Several years ago my grandfather thought he heard the name of one of Mama Esther’s friends on the radio in the obituaries; we will call her Mary here to protect the innocent. He mentioned this to my grandmother who then called Mama Esther to say, “Have you heard that Mary died?”
Well, Mama Esther had not heard the news, but she set out to prepare some food for Mary’s family. She also called my aunt and asked her to come over so that they could visit the family together and leave the food, like the kind Southern women they are.
When they pulled into Mary’s driveway, they didn’t see many cars. This was odd as it is common for people to bring food to a family that has just experienced a loss. They assumed they were the first to arrive and got the food out of the car. They knocked on the door and no one came, so they let themselves in. When they got inside, they saw that there was no food on the table. They thought this was strange, but they decided to go ahead and put out the food that they’d brought.
Right about this time, Mary walked out of her bedroom in a nightgown! When she asked what they were doing, Mama Esther replied, “Ask Susan!” After they attempted to explain to the very un-dead Mary that they were there to leave food because they thought she had died, Mary just laughed and laughed. I’m sure Mary was glad to know that she would have such good friends when the time came. My aunt felt terrible for several days after the ordeal and of course we have all learned a lesson.

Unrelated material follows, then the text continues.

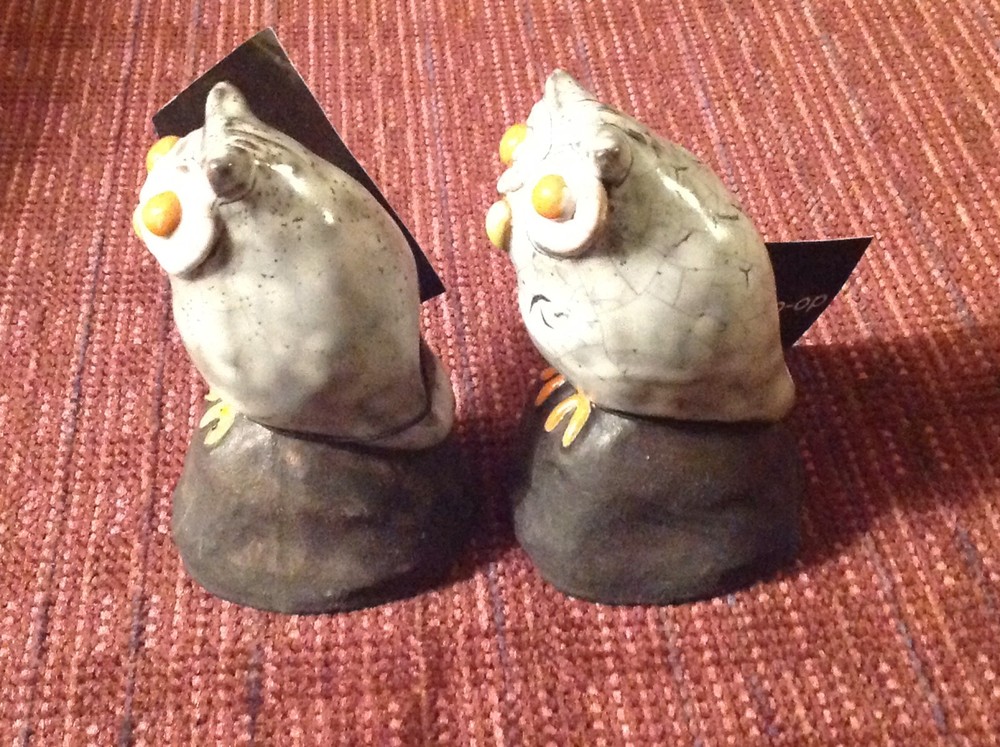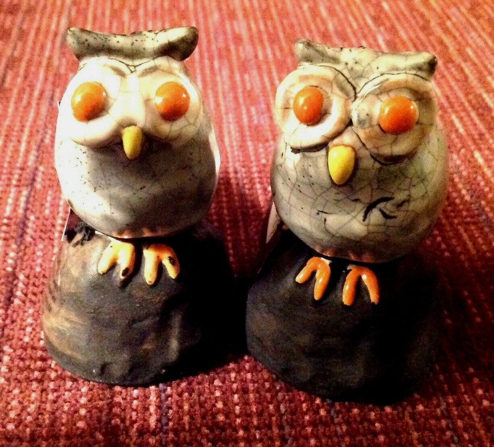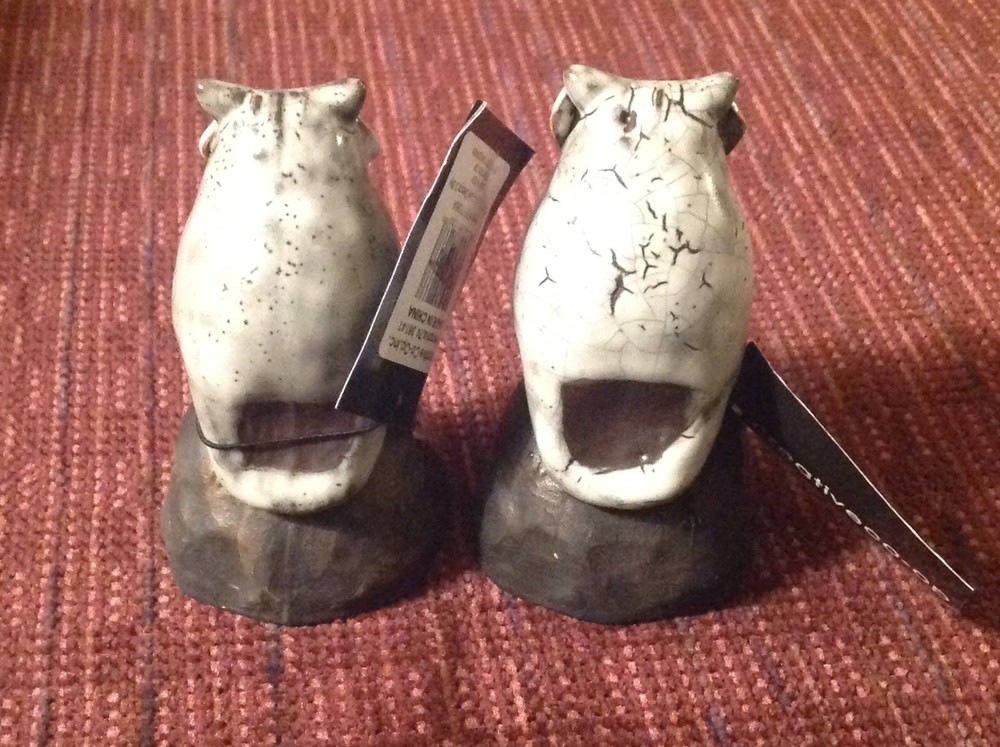 Creative Co-Op Pottery Owl Figurine Set of 2 Clay Orange Eyes 3.5" Tall New with tags By Creative Co-Op, Inc. Set of 2 gray pottery owl figurines Hand made, each owl is distinct and different 3-1/2" tall approximate eBay will calculate and add actual shipping costs. To insure safe delivery, we use sufficient amounts of proper packing material LIVE YOUR DREAM with a treasure from Dream Cottage Antiques Collectibles
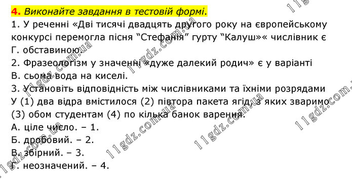 Виконайте завдання в тестовій формі. 1. У реченні «Дві тисячі двадцять другого року на європейському конкурсі перемогла пісня “Стефанія” гурту “Калуш»« числівник є Г. обставиною. 2. Фразеологізм у значенні «дуже далекий родич» є у варіанті В. сьома вода на киселі. 3. Установіть відповідність між числівниками та їхніми розрядами У (1) два відра вмістилося (2) півтора пакета ягід, з яких зваримо (3) обом студентам (4) по кілька банок варення. А. ціле число. – 1. Б. дробовий. – 2. В. збірний. – 3. Г. неозначений. – 4.

It’s a funny story and I think it captures something about Mama Esther. She was thoughtful, kind, and always up for a good laugh, even if that meant laughing at herself. She showed how thoughtful she was every day, not just on special occasions. I remember telling her that I really liked Italian sausage when I was about six years old. For the next twenty years, if she knew that I was coming to eat at her house; Italian sausage was part of the meal. She didn’t just do it for me either, she knew everyone’s favorites. I believe this may be part of the reason that Sunday dinners consisted of three different meats and about ten sides followed by a choice (or combination) of two or three desserts. The beverage, however, was non-negotiable. Everyone happily drank sweet tea.

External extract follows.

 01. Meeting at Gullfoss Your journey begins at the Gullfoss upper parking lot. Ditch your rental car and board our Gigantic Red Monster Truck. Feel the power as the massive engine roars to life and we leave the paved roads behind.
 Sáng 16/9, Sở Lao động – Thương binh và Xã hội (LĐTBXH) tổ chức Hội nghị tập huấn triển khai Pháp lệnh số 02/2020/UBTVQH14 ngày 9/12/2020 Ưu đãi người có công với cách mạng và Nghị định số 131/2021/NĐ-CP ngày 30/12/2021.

There are so many other sweet memories that I have of her. Like the “baby biscuits” she used to make me with the left over biscuit dough and the day she gave me a flour sifter that was given to her as a wedding present over seventy years ago. I still have and use that sifter.

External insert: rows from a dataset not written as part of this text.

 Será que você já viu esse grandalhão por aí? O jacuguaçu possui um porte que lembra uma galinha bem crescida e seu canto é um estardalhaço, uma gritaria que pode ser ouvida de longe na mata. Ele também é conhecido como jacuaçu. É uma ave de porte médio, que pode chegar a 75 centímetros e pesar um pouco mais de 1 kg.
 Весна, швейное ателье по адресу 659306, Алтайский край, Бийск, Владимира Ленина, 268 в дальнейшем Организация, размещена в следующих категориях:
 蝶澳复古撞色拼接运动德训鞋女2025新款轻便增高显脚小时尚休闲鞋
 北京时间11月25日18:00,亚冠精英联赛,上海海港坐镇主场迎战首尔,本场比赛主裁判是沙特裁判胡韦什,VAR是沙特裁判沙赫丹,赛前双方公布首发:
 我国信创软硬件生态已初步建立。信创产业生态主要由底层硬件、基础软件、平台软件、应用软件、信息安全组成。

Before I left for Argentina I had what would be my last conversation with her. She knew I was going for a long time and as I was leaving she said, “I love you and I love all my family so much.” I felt then that she was saying goodbye. I know I’m blessed to have known Mama Esther for twenty seven years and today I’m trying to focus on that blessing. We’re all better people for having known her. I just hope she understood what she means to all of us.